Pointer swap is $O(1)$. If implemented as copy, it would be $O(nx \cdot ny)$ (we avoid that).

6) Output & stats (when triggered)

write_snapshot: I/O bound; writing the full tile ⇒ $O(nx \cdot ny)$ data per rank (CSV is larger on disk).
report_stats: local reduction $O(nx \cdot ny)$ plus a global MPI_Allreduce → $O(\log p)$ latency and tiny payload.

Global (per-step) Costs

Sum over all ranks:

Compute: $\Theta(Nx \cdot Ny)$ for diffusion + $\Theta(Nx \cdot Ny)$ for advection → $\Theta(Nx \cdot Ny)$ overall.
Communication: total halo volume across ranks is ~ perimeter of all tiles. For a balanced grid:
- Each interior edge counted twice; asymptotically, global halo volume per step is $V_{\mathrm{halo, global}} \approx 16 \left( Px \cdot Ny + Py \cdot Nx \right)\ \text{bytes}$
- Latency: $4p$ messages per step (but overlappable in practice).

Strong vs Weak Scaling Expectations

Strong scaling (fixed $Nx \times Ny$, increase $p$)

Compute per rank: $\Theta((Nx\cdot Ny)/p)$ → ideal time $\propto 1/p$.
Comm per rank: $\Theta(nx + ny)$ with $nx \approx Nx/Px$, $ny \approx Ny/Py$. If $Px \approx Py \approx \sqrt{p}$, then $nx \approx \frac{Nx}{\sqrt{p}},\quad ny \approx \frac{Ny}{\sqrt{p}} \Rightarrow V_{\mathrm{halo}} \propto \frac{Nx + Ny}{\sqrt{p}}$
Efficiency drops when comm + latency + sync dominate compute. Expect a knee where local tiles become too small.
Benchmark scripts will generate also Karp-Flatt metric as well as speedup and efficiency

Weak scaling (fixed $nx \times ny$ per rank, increase $p$)

Compute per rank: ~constant → ideal time flat vs $p$.
Comm per rank: $\Theta(nx + ny)$ → also constant (for fixed tile).
Degradation mainly due to global reductions, network congestion, and I/O.

Memory Footprint (per rank)

For two full fields (u, tmp) including halos:

\[M_{\mathrm{fields}} = 2 \cdot (nx + 2h) (ny + 2h) \cdot 8\ \text{bytes}\]

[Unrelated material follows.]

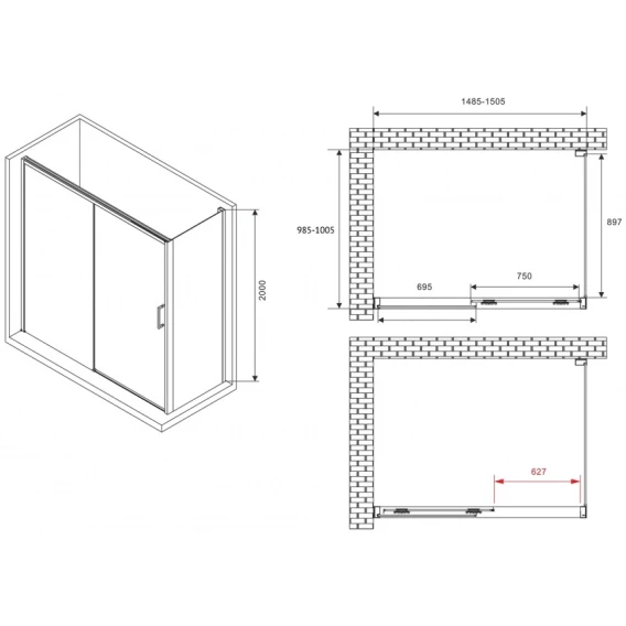 Душевой уголок 150x100 см Abber Komfort AG93150B-S102B прозрачное

Plus temporary lines, MPI buffers, and datatypes (usually negligible compared to arrays).

Putting It Together — Per-step Time Model

Let:

$\alpha$ = latency (s/message), $\beta$ = inverse bandwidth (s/byte) for effective links.
$c_d, c_a$ = compute costs per cell (s), for diffusion & advection respectively.

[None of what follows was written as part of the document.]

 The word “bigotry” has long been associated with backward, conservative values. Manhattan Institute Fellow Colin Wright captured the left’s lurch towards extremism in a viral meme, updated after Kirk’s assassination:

Then a simple overlapping model:

\[T_{\mathrm{step}} \approx \max\left[ (c_d + c_a)\,nx\,ny,\ \ 4\alpha + \beta\,V_{\mathrm{halo}}(nx, ny) \right] \ +\ T_{\mathrm{reduction}}\ (if\ stats)\]

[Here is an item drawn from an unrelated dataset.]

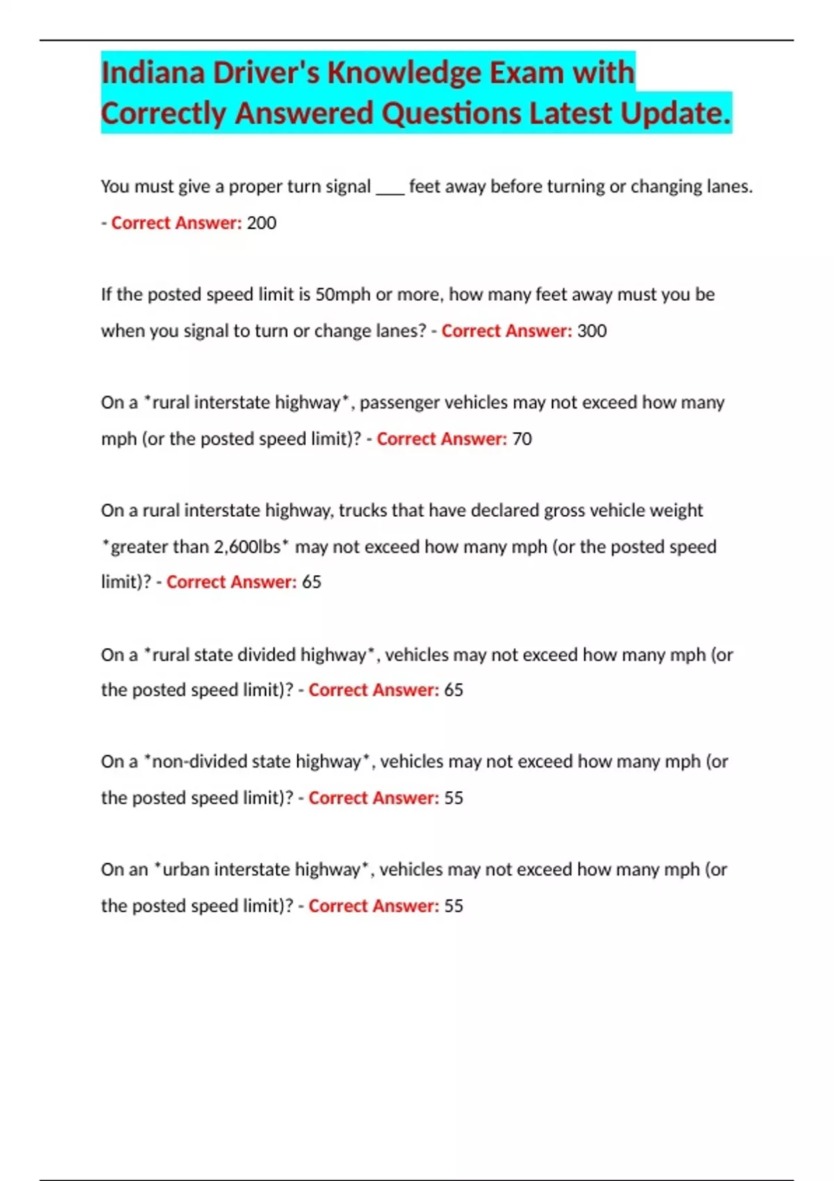 Indiana Driver's Knowledge Exam with Correctly Answered Questions Latest Update.

$T_{\mathrm{reduction}}$ for MPI_Allreduce is ~ $O(\alpha \log p + \beta\cdot payload)$, tiny payload here.

Benchmarks to Run

Strong scaling: $Nx=Ny=1024$, steps=200, ranks ∈ {1,2,4,8,16}.
Report: total runtime, per-step avg, $E_s = T_1 / (p\cdot T_p)$.
Weak scaling: per-rank $(nx, ny) = (256, 256)$, steps=200, ranks ∈ {1,4,16}.
Report: per-step avg and $E_w = T_{p0}/T_p$ with $p0=1$.
Sensitivity: vary halo $h$ (1→2) to see comm slope; vary output frequency to observe I/O impact.

Measurement Methodology

Use MPI_Wtime() to bracket:
- Entire run (after warm-up barrier) → total runtime.
- Inside loop → per-step time; accumulate average, min/max.
Use MPI_Reduce to collect worst-step across ranks (max) and memory max (VmRSS from /proc/self/status on Linux).
For shell-level timing comparisons, use /usr/bin/time -v mpirun ... in addition to in-code timers.

Sanity Checks

Determinism: identical outputs across runs with same seeds and decomposition.
CFL/diffusion limits: automatically compute a safe $\Delta t$ from chosen $D$, $v_x$, $v_y$, $\Delta x$, $\Delta y$ and assert.
Halo correctness: checksum per-rank borders before/after exchange.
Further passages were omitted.